After locating the line containing "يصيبك عرض المصمّم" in the entries below, please write out that line and the rest through the end exactly. Omit pictures.

→ THE INPUT
++++++

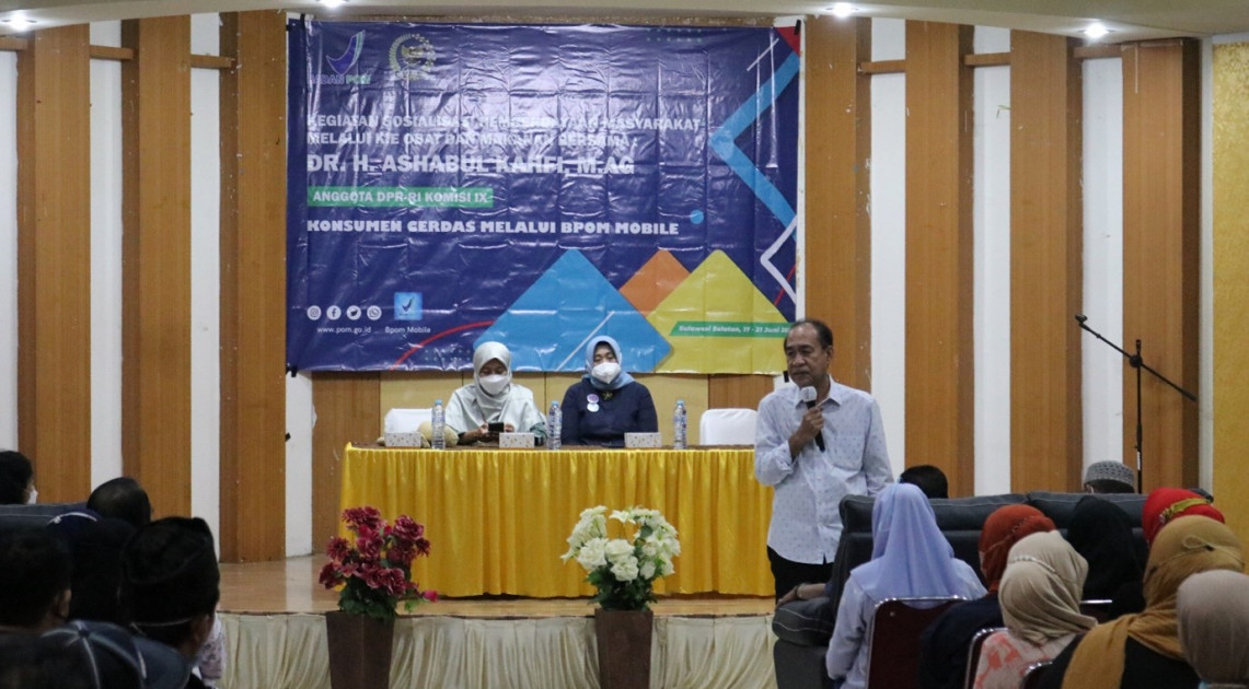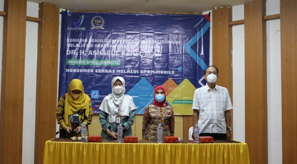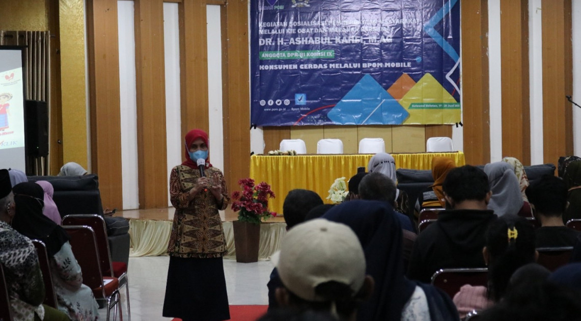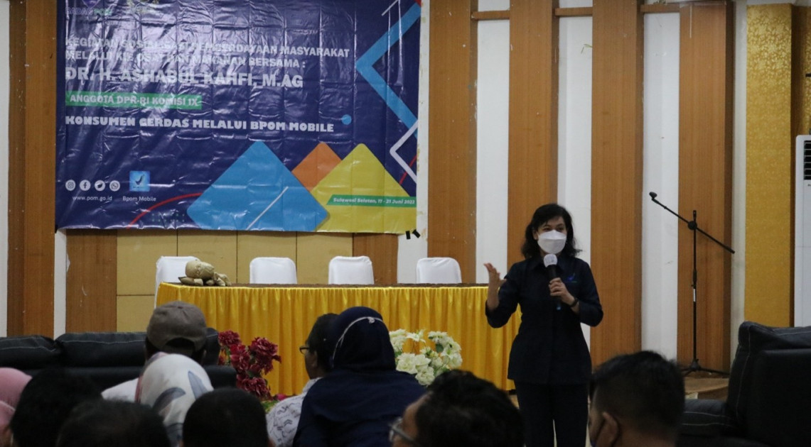 "Konsumen Cerdas Melalui BPOM Mobile", Badan POM terus berupaya melakukan upaya penguatan pengawasan obat dan makanan dengan menggandeng masyarakat sebagai konsumen. Pemberdayaan masyarakat Pemberdayaan melalui pemberian komunikasi, informasi dan edukasi (KIE) tentang obat dan makanan, dilakukan BPOM bersinergi dengan Komisi IX DPR RI. Kegiatan KIE dilaksanakan di Kecamatan Banta-Bantaeng, Sulawesi Selatan pada Senin, 20 Juni 2022. Pada sesi ini terlaksana 2 (dua) kegiatan dan peserta pada sesi pertama dihadiri oleh tenaga pendidik dan sesi kedua oleh masyarakat umum.
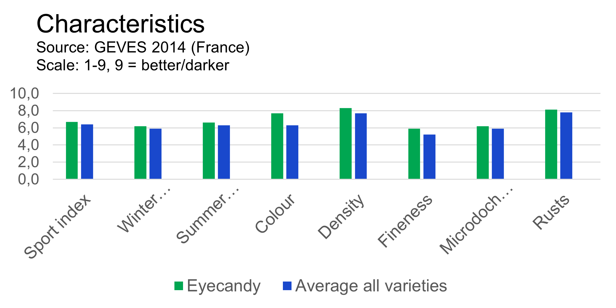 Eyecandy is very high ranked for the basic features needed for visual merit of turf grasses: Density and fineness of leaf.
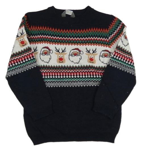 Tmavomodro-bílo-barevný svetr se Santou Primark
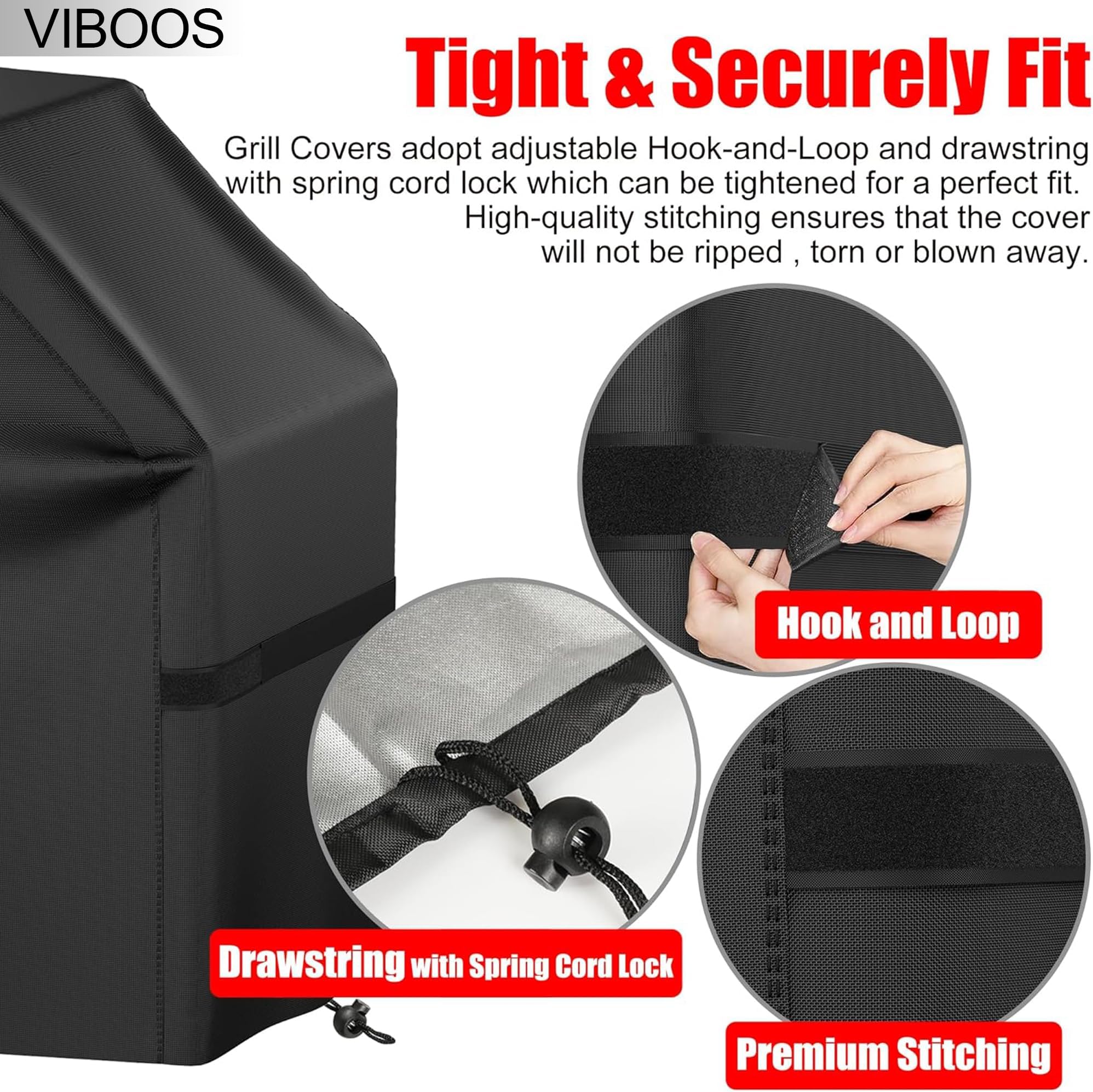 כיסוי גריל, כיסוי גריל גז 58 אינץ' לגריל חיצוני, עמיד למים, אנטי-UV, עמיד בפני קרעים, חומר עמיד לדהייה, כיסוי ברביקיו עם רצועות וו ולולאה ושרוך מתכוונן במכפלת, שחור
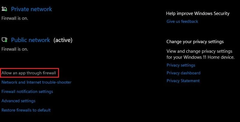 If Roblox is not launching properly, or if you are getting the error 268 after loading into an experience, then make sure to close Roblox and search for Firewall in your start menu search. This will open your Firewall & Network Protection system settings window. Here, select Allow an app through Firewall.
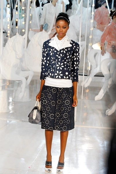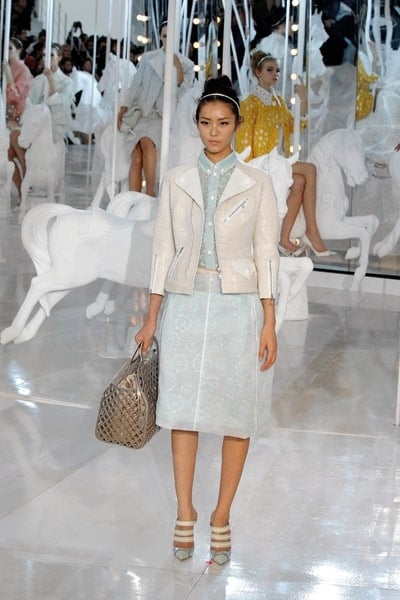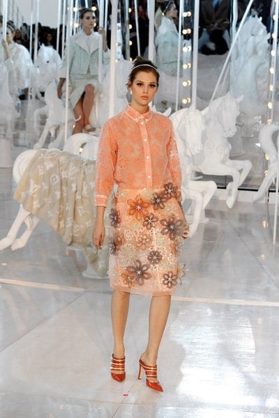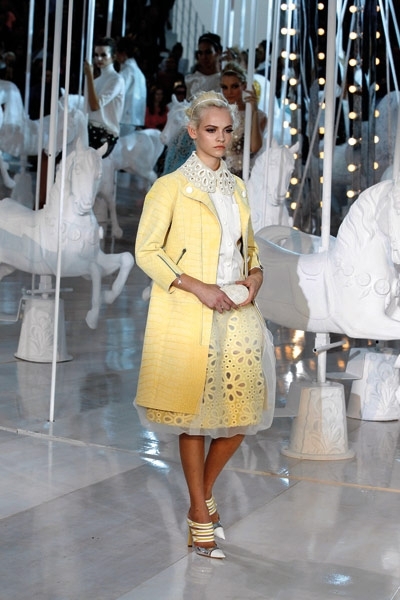 يصيبك عرض المصمّم مارك جايكوبس بالدوار، وليس السبب الكاروسيل التي تموضعت على منصة العرض بل تلك الألوان الرقيقة التي استوحاها من لعبة الطفولة والرومانسية البسيطة. تلك التي ركبتها العارضات وطافت حولها. فيما تفتح الربيع بألوان قوية وخجولة على شكل زهرات المرغريتا وبتلاتها (تخريم وتطريز) على أزياء دار لوي فويتون هذا الموسم مستغنياً عن نقشها أو طباعتها. عبر هذا الاتجاه، عاد مارك جايكوبس إلى الطفولة الرومانسية التي تقطف البتلات وتحصيها. أما القصات التي اعتمدها المصمّم، فهي جامدة غير متآخية مع جسم المرأة، والمنفرجة خصوصاً معاطف الربيع الصغيرة (المريّشة والمصنوعة من جلد التمساح) والتنانير المغلّفة بالأورغنزا. اما سمة الأكسسوار الذي طبع هذه المجموعة، فهي الحذاء ذو المقدمة الحادة.
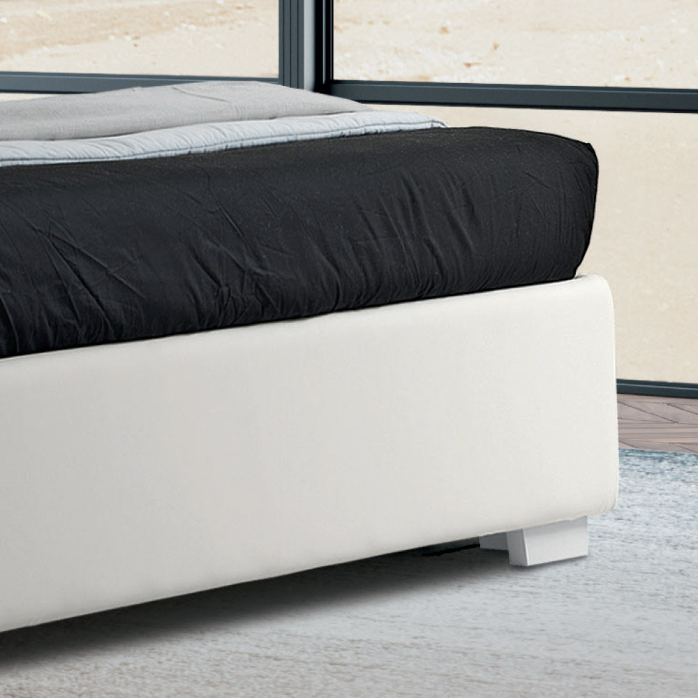 Gepolstertes Doppelbett mit Öko-Leder bezogen, mit Aufbewahrungsbox, hergestellt in Italien.

++++++

→ TASK SOLUTION
 يصيبك عرض المصمّم مارك جايكوبس بالدوار، وليس السبب الكاروسيل التي تموضعت على منصة العرض بل تلك الألوان الرقيقة التي استوحاها من لعبة الطفولة والرومانسية البسيطة. تلك التي ركبتها العارضات وطافت حولها. فيما تفتح الربيع بألوان قوية وخجولة على شكل زهرات المرغريتا وبتلاتها (تخريم وتطريز) على أزياء دار لوي فويتون هذا الموسم مستغنياً عن نقشها أو طباعتها. عبر هذا الاتجاه، عاد مارك جايكوبس إلى الطفولة الرومانسية التي تقطف البتلات وتحصيها. أما القصات التي اعتمدها المصمّم، فهي جامدة غير متآخية مع جسم المرأة، والمنفرجة خصوصاً معاطف الربيع الصغيرة (المريّشة والمصنوعة من جلد التمساح) والتنانير المغلّفة بالأورغنزا. اما سمة الأكسسوار الذي طبع هذه المجموعة، فهي الحذاء ذو المقدمة الحادة.
 Gepolstertes Doppelbett mit Öko-Leder bezogen, mit Aufbewahrungsbox, hergestellt in Italien.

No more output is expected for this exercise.